As in Card’s other books, in the Tales of Alvin Maker, the gifts of personal creation and power are centered in an immensely gifted young man who works at great personal cost to redeem his people. Like Ender Wiggin in Ender’s Game (1985), Speaker for the Dead (1986), and Xenocide (1991), Alvin devotes himself to healing individuals, families, community, and culture. His work of salvation is not without a price: As his gift grows, Alvin becomes aware of its pain and cost as well as its blessings.

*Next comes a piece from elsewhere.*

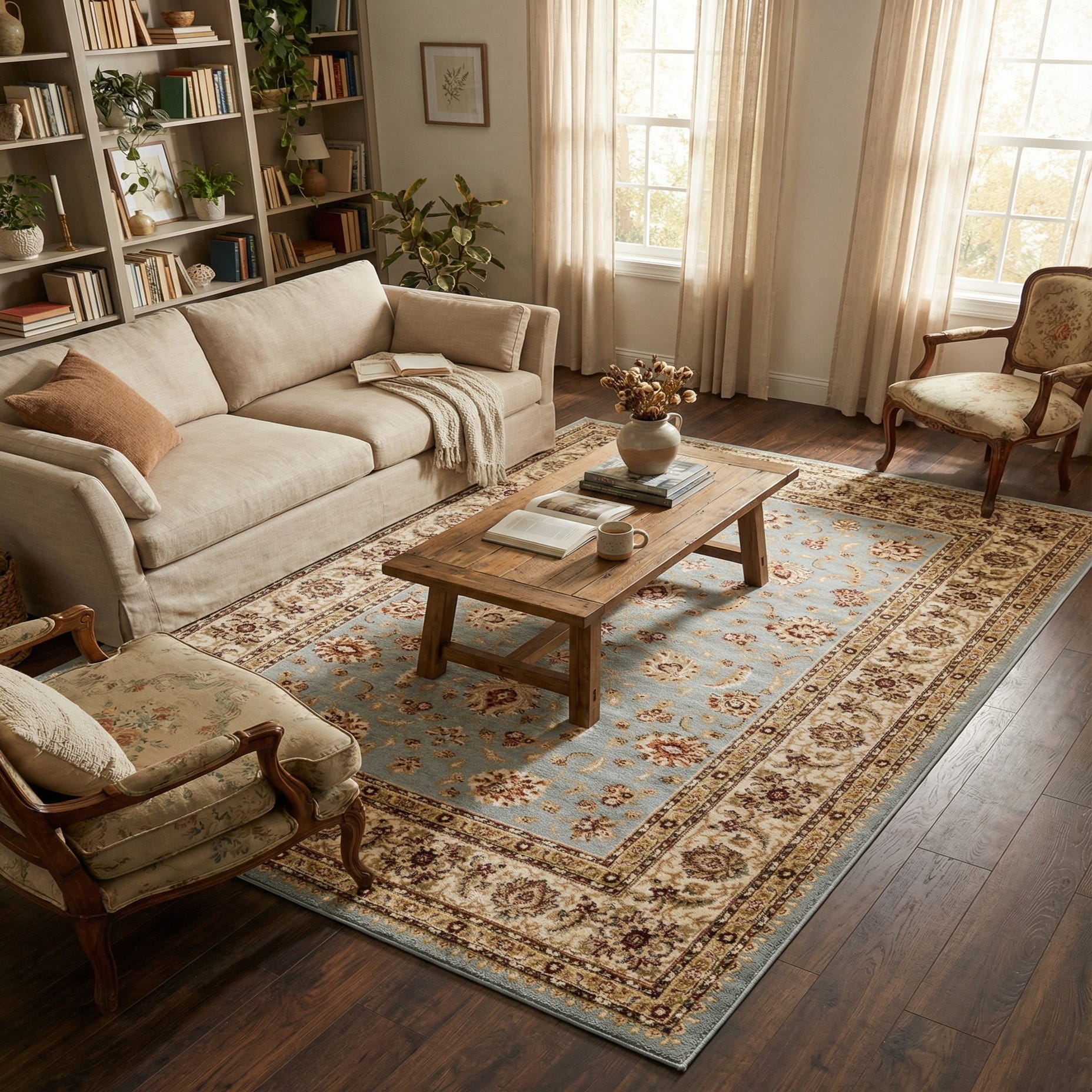 Primary color is Light Blue. Colors in this rug include: Light Blue, Cream, Green, Red, Tan, Brown.

From the beginning of Alvin’s life, the Unmaker works to destroy him. As a boy, Alvin drives the buzzing threat of the Unmaker away with little acts of creation. Turning his powers to use against his sisters in a boyish prank, Alvin learns a difficult lesson that his gift cannot be used in spite or for personal gratification. In Seventh Son, Alvin almost dies because, having promised not to use his gift on his own behalf, he postpones healing himself when no one else can. His powers of healing are extended in Red Prophet as he heals the Red Prophet and the Indian warrior Ta-Kumsaw. These experiences teach Alvin important lessons of human cruelty and redemption. Alvin sees a vision of the Crystal City, a place of peace and unity that he knows he must somehow build, even though the task will not be easy.

Alvin also learns that there are limits to his powers and that, despite his service, others—even members of his immediate family—will actively seek his destruction. Perhaps the greatest lesson Alvin learns in his quest to redeem is that physical making is not as great as discovering, teaching, and inspiring others to become Makers. Alvin says in Prentice Alvin, “The Crystal City isn’t a thing that a single Maker can make. It’s a city of Makers; I got to find all kinds of folks and somehow make Makers out of them.”

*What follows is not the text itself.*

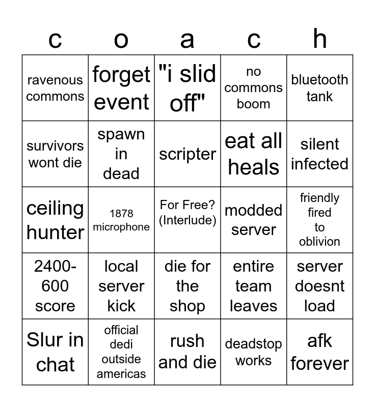 This bingo card has a free space and 29 words: Slur in chat, Stream sniper, 1878 microphone, holding infected forever, ravenous commons, "i slid off", spawn in dead, local server kick, modded server, official dedi outside americas, friendly fired to oblivion, afk forever, rush and die, deadstop works, silent infected, team doesnt clear, die for the shop, 2400-600 score, bluetooth tank, ceiling hunter, entire team leaves, 0 dmg tank, eat all heals, survivors wont die, no commons boom, forget event, server doesnt load, scripter and "is that judex".

Card has said that the Tales of Alvin Maker had their genesis in an epic poem he started to write in college. The poem attempted, under the influence of Spenserian allegory, to retell the spiritual life of Mormon leader Joseph Smith. As many critics have noted, Card is a first-class storyteller, and readers do not need to be aware of Card’s Mormon roots to appreciate his stories. These novels do not proselytize; they are strong narratives that embody deep and ranging truths about the nobility of sacrifice for a worthy goal. From Mormonism, Card derives a scheme of conviction and significance as well as a prototype of a community that seeks to unite and prosper through effort and assistance. Card’s stories transcend the topically religious to become universal.

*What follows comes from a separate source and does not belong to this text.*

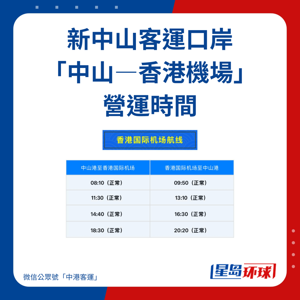 首班船只已于11月28日上午10時開出前往香港中港城,新口岸開通后,將會有3個新航線,包括“中山—香港中港城”、“中山—香港機場”及“中山—深圳蛇口”,計劃每日往返22個航班, 當中香港線有9班來回,而蛇口線則2班來回,也會按需求逐步加密班次。

Each book in the series portrays Alvin’s continuing growth within the context of alternative American history, but each book, according to Card, also emphasizes a specific theme. Seventh Son emphasizes questions of religion, such as the relationship between institutionalized and personal religion and how theological and practical religion interact. Red Prophet emphasizes the treatment of Indians, questioning whether vision and passivity are viable alternatives to war. Prentice Alvin explores the horrors of slavery. Alvin Journeyman asks about the power of women and investigates how the powers of men and women exclude and/or complement one another.